Shop around. See what feels good in your hand. If you can find a range that rents or a buddy with one you like shoot them. You will find the one thats right for you.


----------



## wildcat (Jun 23, 2010)

SargeTN said:


> When I was shooting my friend's LCP only a small part of my ring finger was on the grip as well so it wasn't just the pinky that was hanging off. I have large hands so I don't feel comfortably with something that small. I'd forgotten there was a compact SD I'll have to look into that as well.

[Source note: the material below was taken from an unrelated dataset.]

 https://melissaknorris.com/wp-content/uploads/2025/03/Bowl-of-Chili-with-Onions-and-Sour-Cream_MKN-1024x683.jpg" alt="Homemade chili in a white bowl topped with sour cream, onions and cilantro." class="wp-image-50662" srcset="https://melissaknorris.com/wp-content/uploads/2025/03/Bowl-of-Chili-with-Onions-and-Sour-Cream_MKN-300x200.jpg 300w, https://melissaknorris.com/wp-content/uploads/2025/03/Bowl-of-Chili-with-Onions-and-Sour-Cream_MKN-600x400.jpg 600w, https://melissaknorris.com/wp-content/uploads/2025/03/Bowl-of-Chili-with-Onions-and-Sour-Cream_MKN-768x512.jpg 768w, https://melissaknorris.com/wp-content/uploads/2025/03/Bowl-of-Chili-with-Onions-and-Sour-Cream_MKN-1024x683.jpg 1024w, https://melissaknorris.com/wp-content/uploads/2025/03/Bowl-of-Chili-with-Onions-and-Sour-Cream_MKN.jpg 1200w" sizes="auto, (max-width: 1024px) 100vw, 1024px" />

Wow. Maybe that means you have big pockets and can carry a bigger gun in you shorts. But I've given up on being able to carry any gun in my pocket in calibur larger than 380. Even my airweight revolver is too heavy once loaded up with ammo. It would totally pull my pants down and I'd get charged with indecent exposure. The only way I think I could carry a larger calibur is to get a deringer.


----------



## Freedom1911 (Oct 22, 2009)

I have a Diamondback 380. Still learning how to use the sights on it or maybe I should just forget that and learn to point shoot it. Any which way it is a nice little pistol. About the same size as the KelTek but much easier to shoot, field strip, reassembly etc.
Try looking in to you. See if you can rent one, You might like it.


----------



## SargeTN (Jul 16, 2010)

Freedom1911 said:


> I have a Diamondback 380. Still learning how to use the sights on it or maybe I should just forget that and learn to point shoot it. Any which way it is a nice little pistol. About the same size as the KelTek but much easier to shoot, field strip, reassembly etc.
> Try looking in to you. See if you can rent one, You might like it.

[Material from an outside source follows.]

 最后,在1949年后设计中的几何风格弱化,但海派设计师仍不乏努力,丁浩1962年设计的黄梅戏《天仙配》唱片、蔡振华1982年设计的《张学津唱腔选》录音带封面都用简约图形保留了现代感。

I just can't do something that small. I'm leaning towards the XD subcompact but in all honesty it'll depend on what kind of deal I come across first (between the XD and glock 26/27) once I have the money set aside for it.


----------



## tone2x (Jul 23, 2010)

*Kahr PM9*

I use a PM9 with speer gold dots, I use it as a primary gun at work when in undercover plainclothes (T-shirt & shorts), as a back up gun in a vest holster when in uniform, and as a CCW gun when off duty in desantis pocket holster or galco belt holster (m7x I think). It has night sights, is very tiny, leaves no imprint......but shoots just as nice (great accuracy and control) as a much bigger firearm with full size 9mm ammo. Well worth the heavy price tag, I spent alot of money on alot of other guns until I landed the PM9. Carried for over 5years now.


----------



## Daka (Jun 16, 2010)

Have a look at the Walther PPS 9 or 40 cal...one of the slimmest 9's around


----------



## Packard (Aug 24, 2010)

I used to carry a stainless steel Gold Cup (full sized 45) carry concealed. The barrel length is of no matter (for concealment purposes) if you use a inside the waistband holster. 

The angle of the holster can be adjusted to minimize the imprint of the grip.

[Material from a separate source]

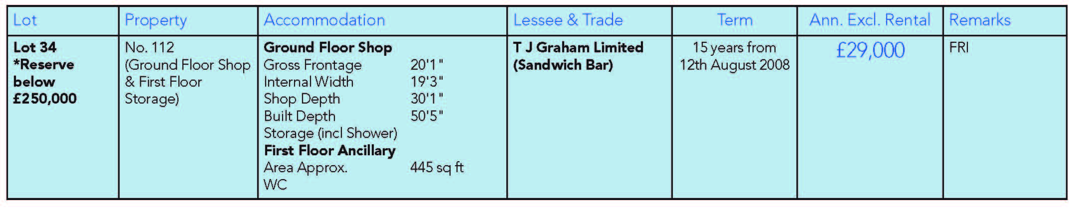 No. 112 - A Ground Floor Shop with internal access to Storage Accommodation (previously used as a Flat) on the first floor.

It used to be much more difficult to conceal a weapon, but lately everyone has something on their belt--smart phones, Blackberries, etc., so the bulges are not of too much interest anymore. 

I think most people seeing the imprint of the butt of the gun will naturally assume that it is a cell phone--or wear your cell phone near it to disguise it.

A police officer trained to spot these things might be able to tell that you are carrying. Just don't do anything illegal and you should be OK.


----------



## kybandit (Jan 13, 2010)

*good carry gun*

Para Warthog .45


----------



## PX (May 14, 2006)

JMOfartO:

Since you said you had tried the LCP and didn't care for it, I'm probably just "whipping a dead horse", but my wife and I (both senior citizens, with decades of owning firearms behind us) have really become LCP addicts..

JoAnn will absolutely NOT shoot my LWS380, but she has her own (engraved slide model) LCP and carries it daily in a purse designed for a cc firearm, and she shoots it with no problem.

I have two LCP's and my primary one has a Crimson Trace Laser on it.... Surprisingly accurate and so far has been absolutely reliable.

Did the LCP you tried have the fingertip extension on the mag bottom?

I ask because the small fingertip extension really makes a difference in how easy it is to "hold" and fire the little bugger.. That small extension resolves the 3rd finger"dangle" problem for most folks.

I've got a couple dozen other cc choices in pistols and revolvers, all of them very good, but nothing that I can slap a Crimson Trace Laser on (CT's not made for Seecamps) carries any easier for me than the diminutive Ruger LCP.

Best Wishes,

Jesse


----------